- Work item -
Beginning with the line that holds "Die Drohne von" and ending with the last line of the entries, please output each line exactly, apart from any pictures.

Dataset records
▬▬▬▬▬▬
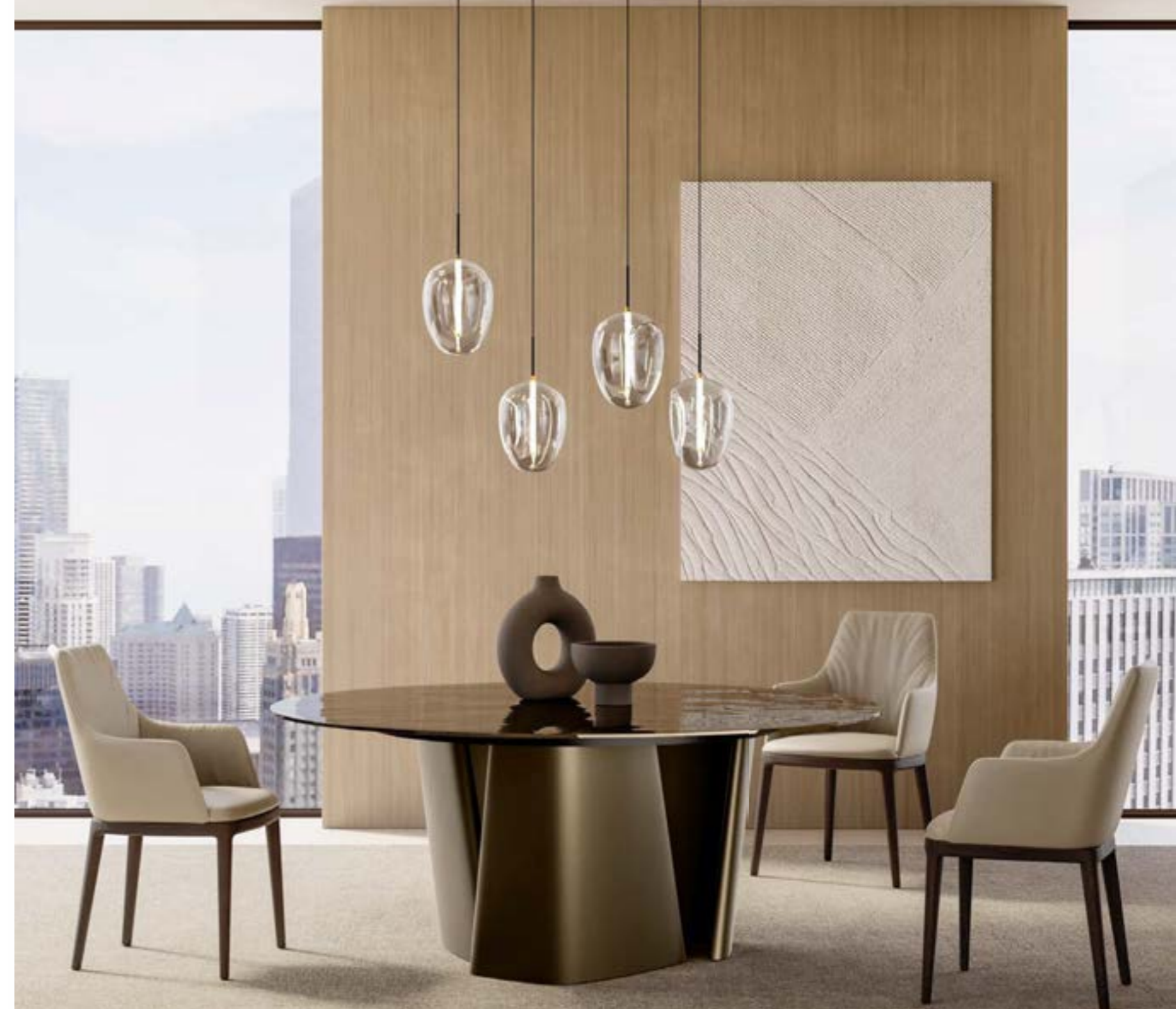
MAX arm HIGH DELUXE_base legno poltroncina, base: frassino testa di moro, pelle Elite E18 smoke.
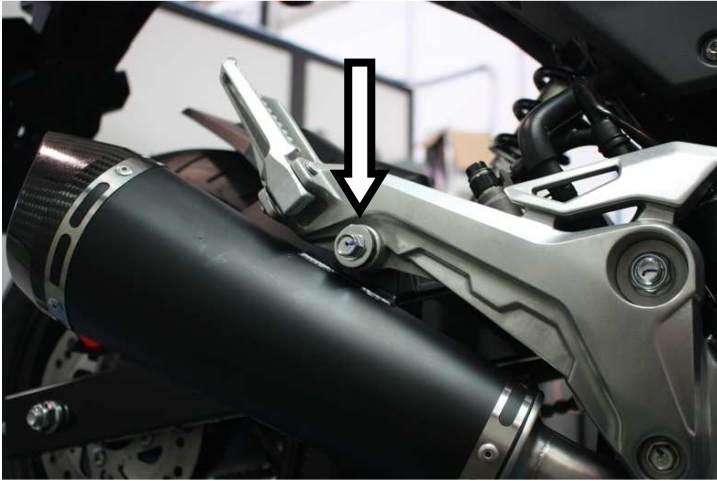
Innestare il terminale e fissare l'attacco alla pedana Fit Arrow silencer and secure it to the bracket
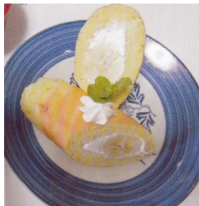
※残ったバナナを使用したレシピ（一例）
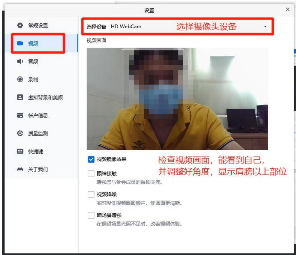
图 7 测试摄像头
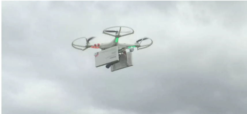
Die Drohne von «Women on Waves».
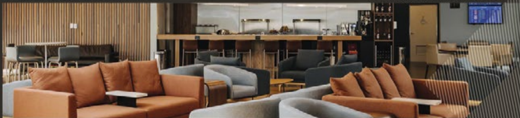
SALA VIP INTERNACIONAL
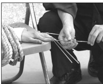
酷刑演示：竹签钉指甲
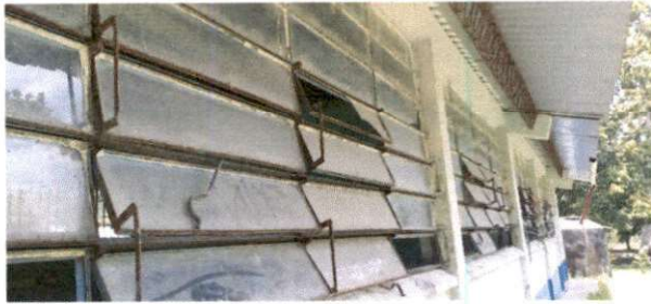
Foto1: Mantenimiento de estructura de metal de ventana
▬▬▬▬▬▬
- Reply -
Die Drohne von «Women on Waves».
SALA VIP INTERNACIONAL
酷刑演示：竹签钉指甲
Foto1: Mantenimiento de estructura de metal de ventana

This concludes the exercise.